(Records drawn from a dataset)

::::

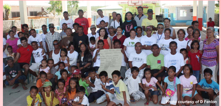
AQD also hosted a Christmas party that bring joy to the affected members of BFARMC (Barangay Fisheries and Aquatic Resource Management Council) in Molocoboc Island, Sagay on 10 December. Twenty-six active members receive hygiene kits and gift certificate of materials for rebuilding their homes
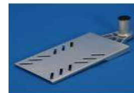
Swivel Seat Mount

Connects to vertical & horizontal rails from .75" – 1.62" diameter.
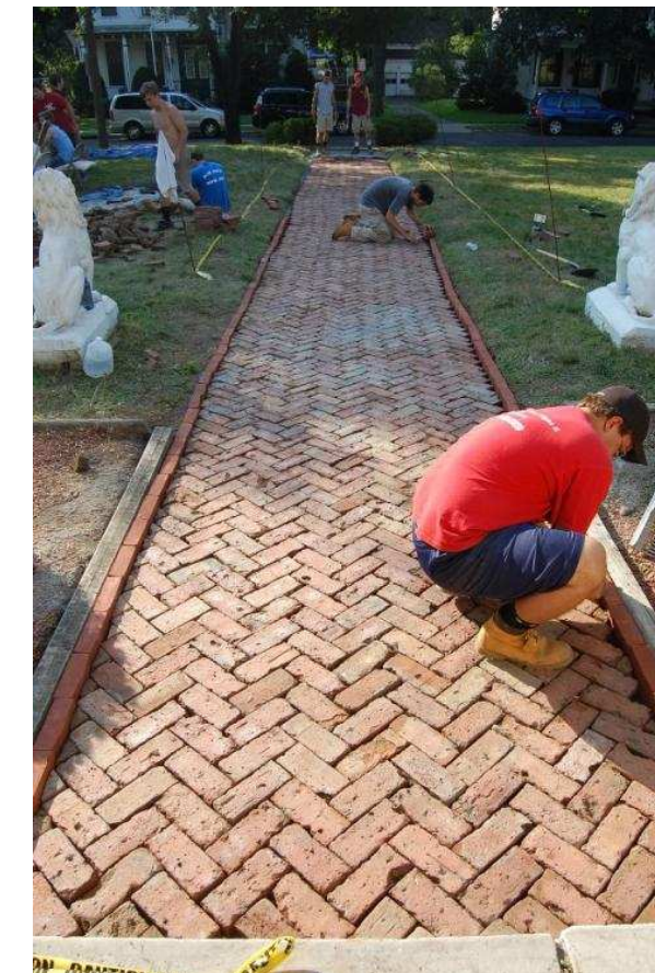
The front walkway at the start and at the end of Work Week 2011 – and yep, there are 1856 bricks in it!
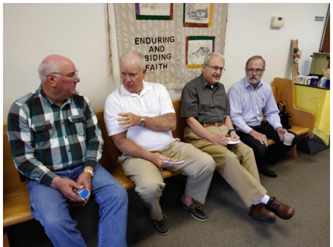
Some of us are more serious than others
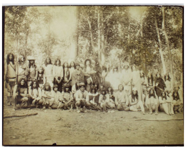
Large cabinet photo of BuckTaylor of Buffalo Bills Wild West Show with Native American tribe
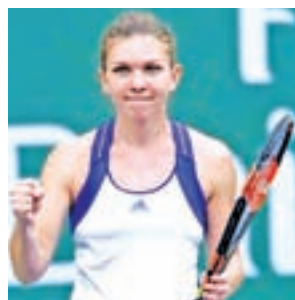
Simona Halep (ROU) reacts after winning her quarterfinal match against Carla Suarez Navarro (ESP) in the BNP Paribas Open at the Indian Wells Tennis Garden. Halep won 5-7, 6-1, 6-1 on 18 March, 2015.

The Romanian overcame a blistering start by 12 th seed Suarez Navarro at Indian Wells to move a step closer to what would be her
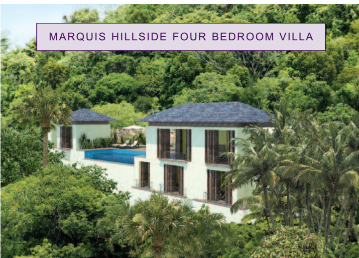
MARQUIS HILLSIDE FOUR BEDROOM VILLA
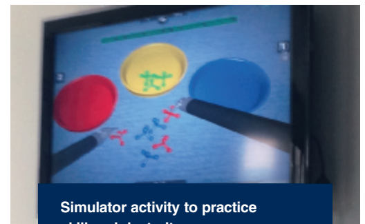
Simulator activity to practice skill and dexterity.
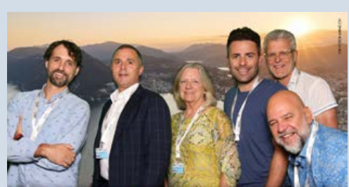
Insieme a Lugano 98° Congresso degli Svizzeri all'estero 2022

Read more about OSA Canada at <a href="https://www.osa-canada.org/about">https://www.osa-canada.org/about</a>.
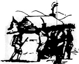
Onondagas bringing several hundred bags of corn to Washington's starving army at Valley Forge, after the colonists had consistently refused to aid them
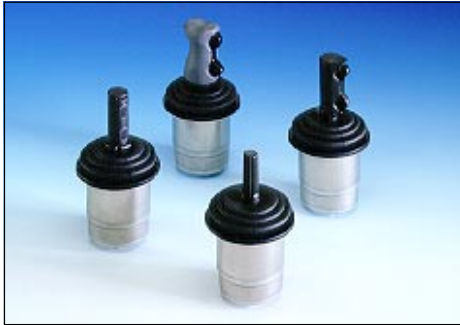
Joysticks for the EHC35 system
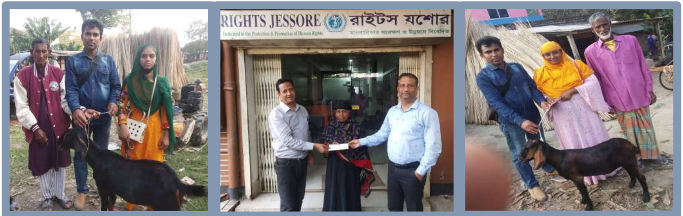
Survivors Received Livelihood Support

The objective of this livelihood activities was to support repatriate survivors for ensuring their economic and social stability continuing during staying at their home and gradually improving their social well-being. The project provided livelihood support like purchased sewing machine and purchased goat for rearing. The support was selected according to their experience, opportunity and resources, project staff directly involved during purchase and handover the materials.

::::

## TASK GOAL
Reproduce each line of the records exactly and exclude any images.

## ANSWER BELOW
AQD also hosted a Christmas party that bring joy to the affected members of BFARMC (Barangay Fisheries and Aquatic Resource Management Council) in Molocoboc Island, Sagay on 10 December. Twenty-six active members receive hygiene kits and gift certificate of materials for rebuilding their homes
Swivel Seat Mount

Connects to vertical & horizontal rails from .75" – 1.62" diameter.
The front walkway at the start and at the end of Work Week 2011 – and yep, there are 1856 bricks in it!
Some of us are more serious than others
Large cabinet photo of BuckTaylor of Buffalo Bills Wild West Show with Native American tribe
Simona Halep (ROU) reacts after winning her quarterfinal match against Carla Suarez Navarro (ESP) in the BNP Paribas Open at the Indian Wells Tennis Garden. Halep won 5-7, 6-1, 6-1 on 18 March, 2015.

The Romanian overcame a blistering start by 12 th seed Suarez Navarro at Indian Wells to move a step closer to what would be her
MARQUIS HILLSIDE FOUR BEDROOM VILLA
Simulator activity to practice skill and dexterity.
Insieme a Lugano 98° Congresso degli Svizzeri all'estero 2022

Read more about OSA Canada at <a href="https://www.osa-canada.org/about">https://www.osa-canada.org/about</a>.
Onondagas bringing several hundred bags of corn to Washington's starving army at Valley Forge, after the colonists had consistently refused to aid them
Joysticks for the EHC35 system
Survivors Received Livelihood Support

The objective of this livelihood activities was to support repatriate survivors for ensuring their economic and social stability continuing during staying at their home and gradually improving their social well-being. The project provided livelihood support like purchased sewing machine and purchased goat for rearing. The support was selected according to their experience, opportunity and resources, project staff directly involved during purchase and handover the materials.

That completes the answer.